Reproduce exactly, and only, the lines of the material below running from the line bearing "Includes custard apple, seeded" through the line bearing "Vyrábíme udržitelné oblečení". Leave any pictures out.

[Task data]

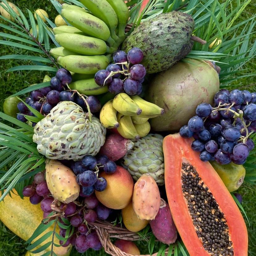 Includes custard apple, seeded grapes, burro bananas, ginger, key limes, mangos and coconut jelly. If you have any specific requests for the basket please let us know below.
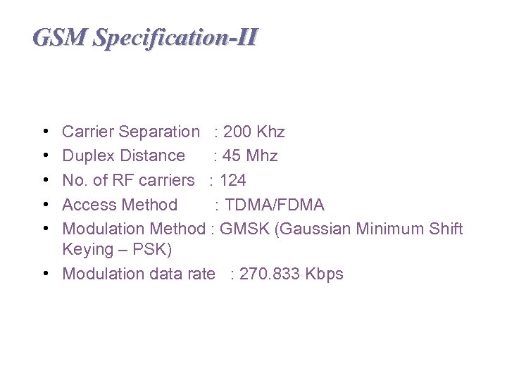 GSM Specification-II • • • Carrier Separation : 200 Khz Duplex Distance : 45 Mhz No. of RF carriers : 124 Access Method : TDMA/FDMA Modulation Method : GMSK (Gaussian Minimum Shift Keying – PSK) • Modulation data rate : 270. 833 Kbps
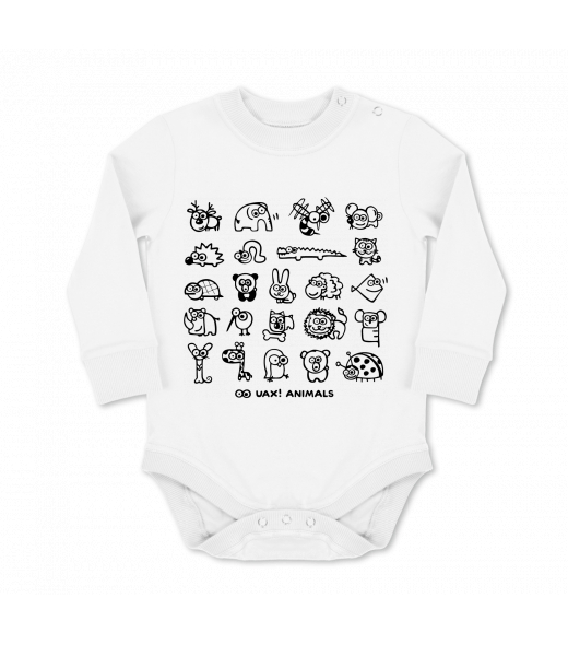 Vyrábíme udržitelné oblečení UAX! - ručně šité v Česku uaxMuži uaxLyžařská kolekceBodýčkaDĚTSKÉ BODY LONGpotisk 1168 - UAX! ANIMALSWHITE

[/Task data]
[Task data]

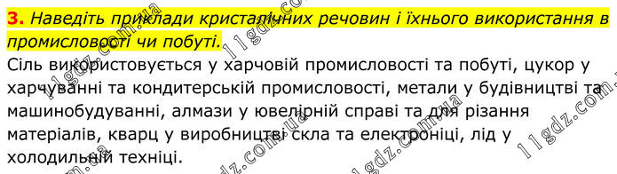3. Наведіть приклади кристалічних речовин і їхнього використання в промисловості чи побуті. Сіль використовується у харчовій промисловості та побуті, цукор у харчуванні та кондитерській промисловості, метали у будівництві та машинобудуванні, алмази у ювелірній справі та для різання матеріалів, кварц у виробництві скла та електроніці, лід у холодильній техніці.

[/Task data]
[Task data]

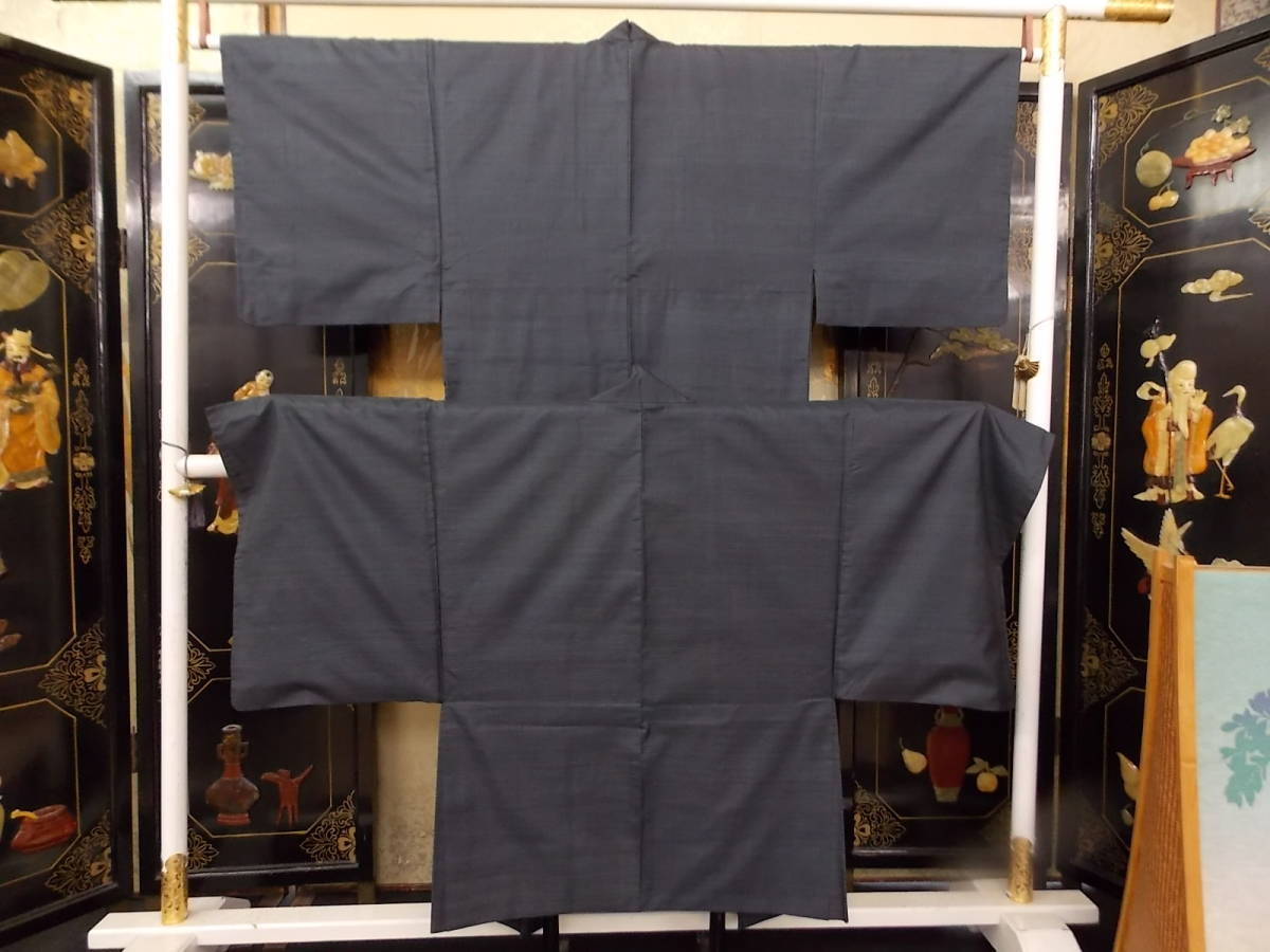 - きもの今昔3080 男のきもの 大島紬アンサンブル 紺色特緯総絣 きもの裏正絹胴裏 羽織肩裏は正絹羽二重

[/Task data]

▶ _Answer for the task_
 Includes custard apple, seeded grapes, burro bananas, ginger, key limes, mangos and coconut jelly. If you have any specific requests for the basket please let us know below.
 GSM Specification-II • • • Carrier Separation : 200 Khz Duplex Distance : 45 Mhz No. of RF carriers : 124 Access Method : TDMA/FDMA Modulation Method : GMSK (Gaussian Minimum Shift Keying – PSK) • Modulation data rate : 270. 833 Kbps
 Vyrábíme udržitelné oblečení UAX! - ručně šité v Česku uaxMuži uaxLyžařská kolekceBodýčkaDĚTSKÉ BODY LONGpotisk 1168 - UAX! ANIMALSWHITE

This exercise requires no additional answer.